▶ [What to produce]:
Only one stretch of the data below is needed. Output the lines from the one with "Estes números de" up to and including the one with "紐通しと平行になるようにシュ", exactly as they stand.

▶ [Provided data]:
☆ ☆ ☆ ☆ ☆

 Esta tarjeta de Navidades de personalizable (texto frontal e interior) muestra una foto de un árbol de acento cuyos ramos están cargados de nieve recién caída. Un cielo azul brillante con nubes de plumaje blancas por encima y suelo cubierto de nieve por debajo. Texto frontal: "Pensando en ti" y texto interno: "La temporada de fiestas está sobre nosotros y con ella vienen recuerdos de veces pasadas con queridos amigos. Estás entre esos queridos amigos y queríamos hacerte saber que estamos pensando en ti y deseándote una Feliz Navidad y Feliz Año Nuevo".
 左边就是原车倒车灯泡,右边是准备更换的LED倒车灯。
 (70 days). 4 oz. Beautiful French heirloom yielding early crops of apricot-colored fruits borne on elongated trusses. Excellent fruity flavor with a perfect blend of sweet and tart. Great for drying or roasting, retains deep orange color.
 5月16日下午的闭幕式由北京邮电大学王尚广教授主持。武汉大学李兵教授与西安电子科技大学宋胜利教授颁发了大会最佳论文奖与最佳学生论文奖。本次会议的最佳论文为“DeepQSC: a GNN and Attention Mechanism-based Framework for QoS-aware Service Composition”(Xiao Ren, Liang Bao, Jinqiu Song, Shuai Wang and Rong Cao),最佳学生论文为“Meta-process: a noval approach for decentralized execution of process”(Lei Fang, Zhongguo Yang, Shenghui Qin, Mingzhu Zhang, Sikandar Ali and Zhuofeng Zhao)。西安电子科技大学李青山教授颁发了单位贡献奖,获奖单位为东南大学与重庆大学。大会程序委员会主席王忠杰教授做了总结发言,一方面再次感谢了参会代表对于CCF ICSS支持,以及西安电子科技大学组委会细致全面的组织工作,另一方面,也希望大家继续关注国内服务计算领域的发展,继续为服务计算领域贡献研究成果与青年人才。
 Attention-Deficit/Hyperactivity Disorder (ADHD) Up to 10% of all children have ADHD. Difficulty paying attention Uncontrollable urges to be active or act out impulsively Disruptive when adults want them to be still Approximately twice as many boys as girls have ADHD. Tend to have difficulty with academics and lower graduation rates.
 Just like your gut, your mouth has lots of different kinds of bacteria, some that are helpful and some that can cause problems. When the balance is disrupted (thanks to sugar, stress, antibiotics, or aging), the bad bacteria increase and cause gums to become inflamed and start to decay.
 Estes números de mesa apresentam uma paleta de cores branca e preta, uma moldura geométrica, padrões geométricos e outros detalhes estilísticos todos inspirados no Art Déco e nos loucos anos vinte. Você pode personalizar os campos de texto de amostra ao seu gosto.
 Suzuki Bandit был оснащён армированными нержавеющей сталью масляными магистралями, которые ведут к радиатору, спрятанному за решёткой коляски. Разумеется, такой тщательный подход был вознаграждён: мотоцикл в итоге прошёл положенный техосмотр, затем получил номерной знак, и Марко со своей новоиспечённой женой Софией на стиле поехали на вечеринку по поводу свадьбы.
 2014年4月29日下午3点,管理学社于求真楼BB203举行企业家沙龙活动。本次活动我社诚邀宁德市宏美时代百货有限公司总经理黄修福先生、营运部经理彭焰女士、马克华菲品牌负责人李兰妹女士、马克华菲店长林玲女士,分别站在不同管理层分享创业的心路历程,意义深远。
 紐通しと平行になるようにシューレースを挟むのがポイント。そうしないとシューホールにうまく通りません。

☆ ☆ ☆ ☆ ☆

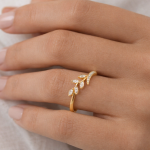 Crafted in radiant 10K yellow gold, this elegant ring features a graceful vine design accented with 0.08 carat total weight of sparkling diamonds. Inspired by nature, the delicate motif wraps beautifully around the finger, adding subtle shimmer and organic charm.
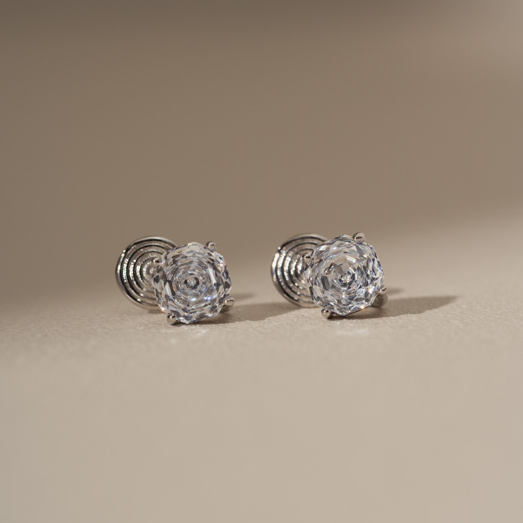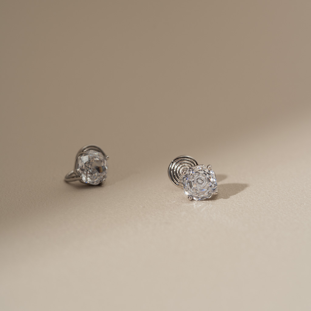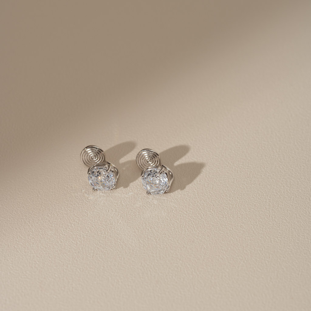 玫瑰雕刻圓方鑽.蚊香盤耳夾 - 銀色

☆ ☆ ☆ ☆ ☆

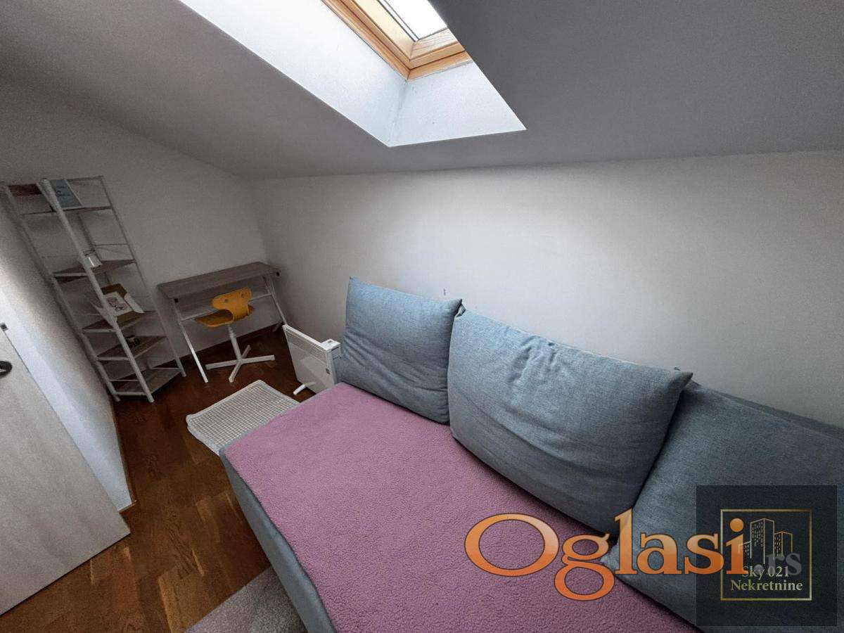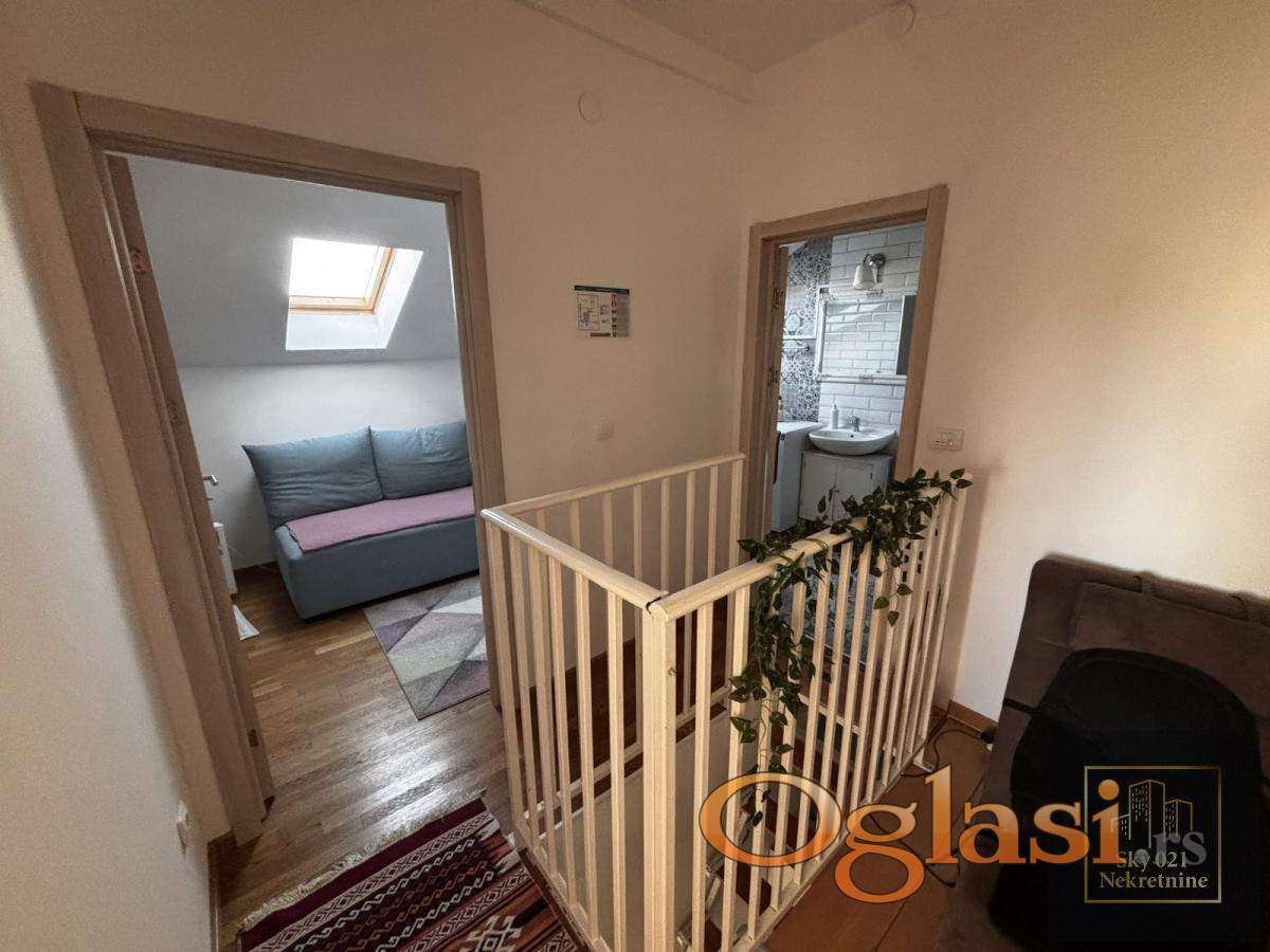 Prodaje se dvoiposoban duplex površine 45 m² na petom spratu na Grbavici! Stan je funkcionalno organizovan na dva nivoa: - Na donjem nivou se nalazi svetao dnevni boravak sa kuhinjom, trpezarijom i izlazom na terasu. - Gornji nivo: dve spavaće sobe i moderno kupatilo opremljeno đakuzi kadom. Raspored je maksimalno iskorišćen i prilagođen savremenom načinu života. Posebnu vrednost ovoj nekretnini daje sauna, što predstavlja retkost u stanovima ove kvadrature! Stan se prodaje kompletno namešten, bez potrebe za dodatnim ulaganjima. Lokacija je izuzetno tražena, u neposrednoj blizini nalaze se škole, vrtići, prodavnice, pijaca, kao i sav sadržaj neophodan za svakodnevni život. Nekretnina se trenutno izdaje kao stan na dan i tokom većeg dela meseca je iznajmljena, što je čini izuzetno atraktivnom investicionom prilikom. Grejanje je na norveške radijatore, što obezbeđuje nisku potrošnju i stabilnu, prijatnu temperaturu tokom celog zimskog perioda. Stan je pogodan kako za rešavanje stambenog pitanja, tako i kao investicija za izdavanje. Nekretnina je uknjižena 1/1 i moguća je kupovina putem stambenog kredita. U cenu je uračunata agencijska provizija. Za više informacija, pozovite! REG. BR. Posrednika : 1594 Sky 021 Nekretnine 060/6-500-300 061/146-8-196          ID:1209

☆ ☆ ☆ ☆ ☆

▶ [Worked solution]:
 Estes números de mesa apresentam uma paleta de cores branca e preta, uma moldura geométrica, padrões geométricos e outros detalhes estilísticos todos inspirados no Art Déco e nos loucos anos vinte. Você pode personalizar os campos de texto de amostra ao seu gosto.
 Suzuki Bandit был оснащён армированными нержавеющей сталью масляными магистралями, которые ведут к радиатору, спрятанному за решёткой коляски. Разумеется, такой тщательный подход был вознаграждён: мотоцикл в итоге прошёл положенный техосмотр, затем получил номерной знак, и Марко со своей новоиспечённой женой Софией на стиле поехали на вечеринку по поводу свадьбы.
 2014年4月29日下午3点,管理学社于求真楼BB203举行企业家沙龙活动。本次活动我社诚邀宁德市宏美时代百货有限公司总经理黄修福先生、营运部经理彭焰女士、马克华菲品牌负责人李兰妹女士、马克华菲店长林玲女士,分别站在不同管理层分享创业的心路历程,意义深远。
 紐通しと平行になるようにシューレースを挟むのがポイント。そうしないとシューホールにうまく通りません。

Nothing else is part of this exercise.